Francois Rabbath

My early forays in record collecting were strictly economically determined. With little pocket money, I sought my treasures in out-of-the-way places and bought them cheap. Happily, this led to some life-enhancing discoveries: The Who Sing My Generation and Sell Out, right there at the corner drugstore. The Man Who Sold the World, a remaindered Mercury copy alongside full-price RCA reissues at the local head shop. A Beard of Stars, complete with “Ride a White Swan” 7”, from an overstock sale at the college bookstore, and a promo copy of Marquee Moon among the rejects outside the college radio station. With the possible exception of the Tyrannosaurus Rex, all were under a dollar; the Television album, otherwise impossible to find where I lived, was free—and, as the ad says, “priceless.”

But even closer than these to the core of my musical being is a flukier, more improbable find. One day my mother brought Bass Ball by François Rabbath home from Woolworth’s for my brother, who played string bass. Information about the record stopped with Dom Cerruli’s provocative liner notes, which place Rabbath among a nouvelle vague of French jazz. Rabbath and his drummer, Armand Molinetti, serve up twelve elegantly arranged, sonically adventurous tracks. Some are live; others feature bass overdubs—up to three, but generally no more than one. Maybe it’s that Bass Ball is on Philips, but to me it’s oddly reminiscent of Vincebus Eruptum. Rabbath is far subtler than Blue Cheer, true, but his multi-tracked basses are sludgily akin to Leigh Stephens’ guitars. In Rabbath’s hands the bass is a protean creature of moods: a gentle flamenco guitar on “Ode d’Espagne,” a cell of screaming lunatics on “Basses en Fugue.” Heavy metal starts here.

Needless to say, we wore Bass Ball out. Themes from the record soundtracked my dreams. My brother learned to approximate the songs on string bass; he was particularly effective peeling off keening arco harmonics and coughing up abrasive gutturals on “Walpurgis.” Eventually picking up bass guitar, he evoked Rabbath immediately, effortlessly, unconsciously.

When Spalax’s 2003 New Sound of Jazz turned up among Forced Exposure’s current releases, it was like running into an old friend. The disk compiles stereo versions of Rabbath’s 1964 debut and its follow up. (The CD lacks the impact of my mono vinyl, so crank it!) The songs from Bass Ball anticipate absolutely everything: Cale’s viola (“Prelude a l’Archet”), the Yardbirds’ stop-time concussion volleys (“Hesitations”), Hendrix’s technical feats of strength (“Impalas”), John Theodore and Neil Hagerty’s workouts in The Royal Trux (“Western a la Breugel”).
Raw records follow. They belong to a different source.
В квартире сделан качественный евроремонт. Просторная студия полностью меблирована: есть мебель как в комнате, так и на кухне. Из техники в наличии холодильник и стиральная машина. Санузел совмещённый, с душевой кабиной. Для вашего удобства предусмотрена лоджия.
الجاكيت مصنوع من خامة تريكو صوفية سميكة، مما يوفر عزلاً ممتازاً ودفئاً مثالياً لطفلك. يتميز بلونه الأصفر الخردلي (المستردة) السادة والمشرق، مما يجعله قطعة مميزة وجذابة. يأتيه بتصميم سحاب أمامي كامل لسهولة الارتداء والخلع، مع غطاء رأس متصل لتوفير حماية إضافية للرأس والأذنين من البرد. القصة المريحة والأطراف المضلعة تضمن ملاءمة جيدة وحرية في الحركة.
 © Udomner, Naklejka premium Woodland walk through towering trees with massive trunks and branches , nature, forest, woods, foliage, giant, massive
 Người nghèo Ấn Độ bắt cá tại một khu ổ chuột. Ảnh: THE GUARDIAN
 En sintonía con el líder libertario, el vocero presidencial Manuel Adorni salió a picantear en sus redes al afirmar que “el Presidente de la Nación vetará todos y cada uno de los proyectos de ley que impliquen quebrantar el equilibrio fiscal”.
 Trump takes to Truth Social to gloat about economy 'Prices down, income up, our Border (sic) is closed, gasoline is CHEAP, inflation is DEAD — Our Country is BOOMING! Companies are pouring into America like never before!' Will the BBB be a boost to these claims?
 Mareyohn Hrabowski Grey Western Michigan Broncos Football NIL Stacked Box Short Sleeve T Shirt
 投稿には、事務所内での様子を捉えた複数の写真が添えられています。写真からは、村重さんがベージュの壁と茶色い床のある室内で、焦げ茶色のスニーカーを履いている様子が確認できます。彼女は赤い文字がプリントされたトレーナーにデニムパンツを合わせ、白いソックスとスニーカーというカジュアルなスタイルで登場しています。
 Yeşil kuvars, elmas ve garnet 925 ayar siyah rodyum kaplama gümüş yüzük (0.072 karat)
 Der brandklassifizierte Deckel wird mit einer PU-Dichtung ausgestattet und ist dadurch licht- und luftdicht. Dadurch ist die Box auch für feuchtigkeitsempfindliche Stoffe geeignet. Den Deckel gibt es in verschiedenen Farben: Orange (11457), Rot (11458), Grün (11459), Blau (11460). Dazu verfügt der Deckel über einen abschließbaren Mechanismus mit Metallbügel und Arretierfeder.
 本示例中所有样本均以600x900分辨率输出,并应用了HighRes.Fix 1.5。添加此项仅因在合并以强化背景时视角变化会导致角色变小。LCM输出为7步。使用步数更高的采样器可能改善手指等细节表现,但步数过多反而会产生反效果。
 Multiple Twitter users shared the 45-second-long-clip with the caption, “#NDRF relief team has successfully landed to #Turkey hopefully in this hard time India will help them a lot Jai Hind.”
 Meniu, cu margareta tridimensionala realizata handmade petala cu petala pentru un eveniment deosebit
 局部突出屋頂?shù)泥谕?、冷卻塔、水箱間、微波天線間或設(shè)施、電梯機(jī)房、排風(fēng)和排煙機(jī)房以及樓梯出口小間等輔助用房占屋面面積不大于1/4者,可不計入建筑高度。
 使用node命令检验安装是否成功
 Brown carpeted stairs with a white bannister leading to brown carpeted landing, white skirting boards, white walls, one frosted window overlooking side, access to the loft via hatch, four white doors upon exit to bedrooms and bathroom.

It’s still unclear where Bass Ball belongs in the jazz canon. It’s new, all right, but it’s not free. The word “skronk,” however, aptly describes its more extreme tonalities. I’m happy to report that the tracks from Rabbath’s second album don’t disappoint. Cut from the same cloth as Bass Ball (though lighter on electronic enhancement), the seven titles are longer and, consequently, even further out.

Given its rainbow-tinted, strobe-lit cover and gag-inducing title, I was never entirely satisfied that Bass Ball wasn’t cornball stuff. It’s good to hear that Rabbath is a respected, if obscure presence in French jazz history. Of course he used drugs, as the supremely eerie “Bitume” always suggested. Spalax’s somewhat amateurish packaging does include pictures of the man himself. Not quite the mad hipster of my imagination but no square either: A balding, monkish guy closing his eyes and setting his bow for the heart of the sun.

For my money, New Sound of Jazz is our era’s King of the Delta Blues Singers. (Re)introducing a troubled young virtuoso whose shadow falls quietly across the music of the last forty years, illuminating his story while leaving intact just enough mystery, this reissue is like a portal to a world of howling ghosts. I don’t even care if it popularizes a treasured childhood secret. I doubt Rabbath’s will ever become a household name. But in a time when a young person can pick up Funhouse, Marquee Moon, and White Light/White Heat from a single aisle at Circuit City, it’s nice to know there are still further frontiers—new sounds in jazz, if you will. Buy this disk and be haunted.